Here are the first two noun clusters. Hopefully, the clusters represent a common topic from the product reviews.

In [14]:
nounClusters[:2]

[['envelopes',
  'folders',
  'inks',
  'staples',
  'pencils',
  'tabs',
  'markers',
  'scotch',
  'labels',
  'tape'],
 ['cartridges',
  'printer',
  'cartridge',
  'printers',
  'hp',
  'amazon',
  'brands',
  'refills',
  'epson',
  'costco']]

### Add adjectives to topics.
I added adjectives to the noun clusters to add meaning and interpretability.
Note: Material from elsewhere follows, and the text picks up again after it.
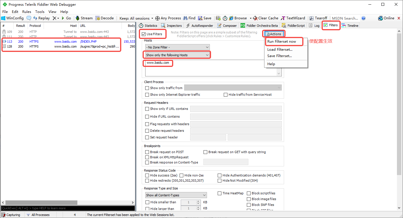 - 在使用中因为在不停的发送请求,导致很多时候找不到想要的请求,我们可以使用过滤器。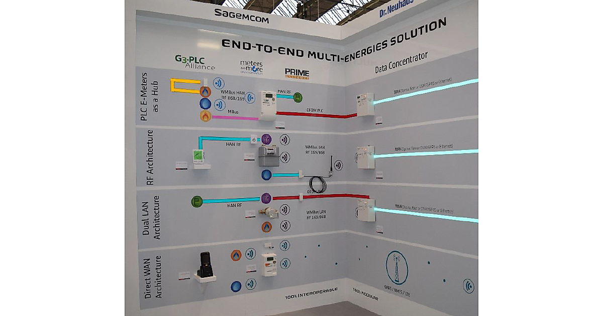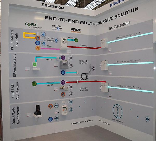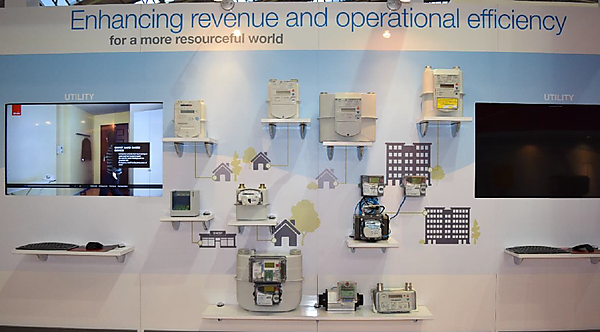 エネルギー管理システムを開発しているItron(アイトロン)や、通信機器、スマートメーターの開発を行っているSagemcom(サジェムコム)などの各社では、電気メーターに加え、ガスメーター、水道メーターに関しても展示が行われていた。

This was done by finding common bigrams that contain both an adjective and a noun from one of the clusters.

In [15]:
from nltk.collocations import *

adjClusters = []
bigram_measures = nltk.collocations.BigramAssocMeasures()
adjSet = set(adjBucket)
num_adj = 10
for cluster in nounClusters:
    # make a copy of reviews, replace all cluster words with the parent_word of that cluster
    parent_word = cluster[0]
    similar_words = cluster[1:]
    words_copy = [parent_word if w in similar_words else w for w in words]
    
    # now find bigrams with parent_word and all words in adjBucket
    finder = BigramCollocationFinder.from_words(words_copy, window_size=5)
    parent_filter = lambda *w: parent_word not in w
    adj_filter = lambda w1, w2: adjSet.isdisjoint([w1, w2])
    finder.apply_freq_filter(2)
    finder.apply_ngram_filter(parent_filter)
    finder.apply_ngram_filter(adj_filter)
    adj_temp = finder.nbest(bigram_measures.pmi, num_adj)
    adj_temp = [pair[1] if pair[0] == parent_word else pair[0] for pair in adj_temp]
    adjClusters.append(adj_temp)

Here are the first two adjective clusters, which correspond to the first two noun clusters.

In [16]:
adjClusters[:2]

[['masking',
  'packing',
  'virtually',
  'hanging',
  'rounded',
  'mechanical',
  'pendaflex',
  'smead',
  'invisible',
  'thermal'],
 ['www',
  'refilled',
  'genuine',
  'refurbished',
  'costly',
  'lowest',
  'canon',
  'starter',
  'remanufactured',
  'died']]

### Save Topics
Time to bring the noun clusters and adjective clusters together to form topics.

In [17]:
topics = []
for i in range(num_clust):
    if len(adjClusters[i]) != 0:
        topicName = " ".join([nounClusters[i][0], adjClusters[i][0]])
        queryParams = [topicName, adjClusters[i][1:], nounClusters[i][1:]]
    else:
        topicName = nounClusters[i][0]
        queryParams = [topicName, [], nounClusters[i][1:]]
    topics.append(queryParams)

In [18]:
topics[:2]

[['envelopes masking',
  ['packing',
   'virtually',
   'hanging',
   'rounded',
   'mechanical',
   'pendaflex',
   'smead',
   'invisible',
   'thermal'],
  ['folders',
   'inks',
   'staples',
   'pencils',
   'tabs',
   'markers',
   'scotch',
   'labels',
   'tape']],
 ['cartridges www',
  ['refilled',
   'genuine',
   'refurbished',
   'costly',
   'lowest',
   'canon',
   'starter',
   'remanufactured',
   'died'],
  ['printer',
   'cartridge',
   'printers',
   'hp',
   'amazon',
   'brands',
   'refills',
   'epson',
   'costco']]]

### Conclusions
I have a lot  more to learn about Python and topic modeling. The two main topics "envelopes masking" and "cartridges www" are not particularly helpful, although using the clusters as a search query may yield some interesting results.